Do the rich have an obligation to create wealth rather than just spend money? In the Age of Enlightenment, this was called "noblesse oblige" -- the obligation of the nobility to create wealth. Maybe we will call this century the Age of Extraction where we'll remember all the oil, gas and money we extracted from the economy at the cost of a society of well-being.
It's not enough to just make money and trust the government to spend the tax revenue appropriately. It starts at the ballot box and it continues at city council meetings and volunteer efforts with community groups. We all have a role to play.
If we stand back and complain governments aren't doing a good job, yet make no personal commitment to the decision-making process, we are the problem. Ironically, some leaders would prefer this laissez-faire approach as 100 per cent of us pay taxes, and fewer than 50 per cent of us bother to vote. No wonder the balance is off.
It's my suspicion that Harper longs to be the King of the Canadian economy rather than the Canadian society. He thinks it's his golden ticket to perpetual power. I hear he is a military history buff too. I hope he remembers the fate of those who proceeded him so many centuries ago.

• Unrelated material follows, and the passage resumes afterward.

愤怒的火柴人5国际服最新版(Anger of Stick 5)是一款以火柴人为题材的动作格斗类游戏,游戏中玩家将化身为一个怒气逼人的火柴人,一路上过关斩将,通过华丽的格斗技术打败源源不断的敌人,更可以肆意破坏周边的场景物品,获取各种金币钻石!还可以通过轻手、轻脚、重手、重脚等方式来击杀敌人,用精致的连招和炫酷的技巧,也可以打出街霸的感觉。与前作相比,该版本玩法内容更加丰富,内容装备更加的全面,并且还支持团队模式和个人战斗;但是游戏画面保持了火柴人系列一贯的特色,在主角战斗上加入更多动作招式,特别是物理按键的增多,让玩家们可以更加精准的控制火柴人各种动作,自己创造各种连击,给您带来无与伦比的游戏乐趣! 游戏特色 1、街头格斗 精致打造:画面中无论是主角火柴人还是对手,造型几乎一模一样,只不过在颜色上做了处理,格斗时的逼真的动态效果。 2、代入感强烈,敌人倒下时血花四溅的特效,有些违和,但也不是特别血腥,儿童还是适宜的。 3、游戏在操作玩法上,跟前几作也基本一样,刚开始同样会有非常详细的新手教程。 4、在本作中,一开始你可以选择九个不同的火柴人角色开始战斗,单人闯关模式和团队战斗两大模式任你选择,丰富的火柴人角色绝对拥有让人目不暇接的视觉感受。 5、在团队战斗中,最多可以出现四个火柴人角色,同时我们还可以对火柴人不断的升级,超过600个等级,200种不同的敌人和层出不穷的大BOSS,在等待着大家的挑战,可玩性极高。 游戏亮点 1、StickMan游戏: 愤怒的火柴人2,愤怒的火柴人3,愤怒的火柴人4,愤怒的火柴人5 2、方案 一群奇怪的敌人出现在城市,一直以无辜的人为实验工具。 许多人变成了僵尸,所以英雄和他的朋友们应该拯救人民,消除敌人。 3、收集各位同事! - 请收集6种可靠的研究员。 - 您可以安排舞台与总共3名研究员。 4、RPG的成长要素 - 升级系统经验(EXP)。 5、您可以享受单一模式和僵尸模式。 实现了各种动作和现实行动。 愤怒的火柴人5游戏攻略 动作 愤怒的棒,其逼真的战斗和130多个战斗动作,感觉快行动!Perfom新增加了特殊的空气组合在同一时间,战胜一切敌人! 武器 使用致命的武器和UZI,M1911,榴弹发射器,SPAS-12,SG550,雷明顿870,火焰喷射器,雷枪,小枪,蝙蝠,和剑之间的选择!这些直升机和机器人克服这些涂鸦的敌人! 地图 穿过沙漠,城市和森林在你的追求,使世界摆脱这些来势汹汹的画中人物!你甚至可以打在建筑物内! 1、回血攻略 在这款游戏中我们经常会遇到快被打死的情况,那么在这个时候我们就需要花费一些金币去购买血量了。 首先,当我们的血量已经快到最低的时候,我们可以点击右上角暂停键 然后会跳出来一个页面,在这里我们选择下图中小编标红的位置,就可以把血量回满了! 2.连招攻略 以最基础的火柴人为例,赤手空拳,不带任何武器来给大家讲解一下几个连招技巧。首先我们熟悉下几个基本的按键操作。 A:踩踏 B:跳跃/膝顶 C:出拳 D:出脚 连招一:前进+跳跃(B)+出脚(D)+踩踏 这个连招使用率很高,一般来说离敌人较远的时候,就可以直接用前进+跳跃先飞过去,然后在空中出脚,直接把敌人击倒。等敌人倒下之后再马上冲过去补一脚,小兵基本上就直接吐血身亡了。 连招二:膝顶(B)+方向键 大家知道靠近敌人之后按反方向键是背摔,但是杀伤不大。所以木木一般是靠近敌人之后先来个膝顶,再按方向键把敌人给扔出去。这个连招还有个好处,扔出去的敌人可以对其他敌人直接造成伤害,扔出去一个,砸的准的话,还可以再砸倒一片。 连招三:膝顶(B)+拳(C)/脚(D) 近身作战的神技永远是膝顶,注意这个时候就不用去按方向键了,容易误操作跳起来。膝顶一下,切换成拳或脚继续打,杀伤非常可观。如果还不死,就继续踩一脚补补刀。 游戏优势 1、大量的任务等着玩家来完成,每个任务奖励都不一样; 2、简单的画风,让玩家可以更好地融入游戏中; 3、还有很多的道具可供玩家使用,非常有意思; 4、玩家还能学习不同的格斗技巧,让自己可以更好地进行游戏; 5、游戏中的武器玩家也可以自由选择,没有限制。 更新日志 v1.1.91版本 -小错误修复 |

In the 1600s, the conquest of the new world garnered Spain a massive fortune. In fact, they were the richest country in the world but the King of Spain insisted on hoarding all the gold for the rich which led to the entire country's demise. They've yet to recover.
In the 1700s, the King of France lost his head because of the price of bread. The price of bread is heavily regulated to this day in France. Seems they learned that lesson, at least. Complex dysfunction can manifest itself in very simple ways.

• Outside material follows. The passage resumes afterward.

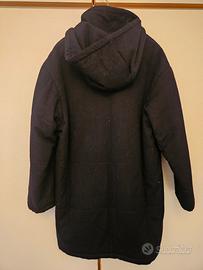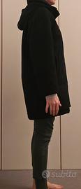 Loden da donna in colore nero con cappuccio, zip e bottoni, in buonissime condizioni, solamente una piccola smagliatura nella fodera (vedi ultima foto)

No doubt, economics is integral to a society's well being and worthy of our significant attention. Trouble is, sometimes we get it wrong like Spain and France once did. And when it goes wrong, it goes terribly, terribly wrong and everybody pays.
I don't know about you, but I'm tired of paying for those mistakes. Sure we need money but we mostly need wealth. You cannot isolate one from the other. And if you do, you could lose your crown, your country and possibly your head. Are you listening King Stephen?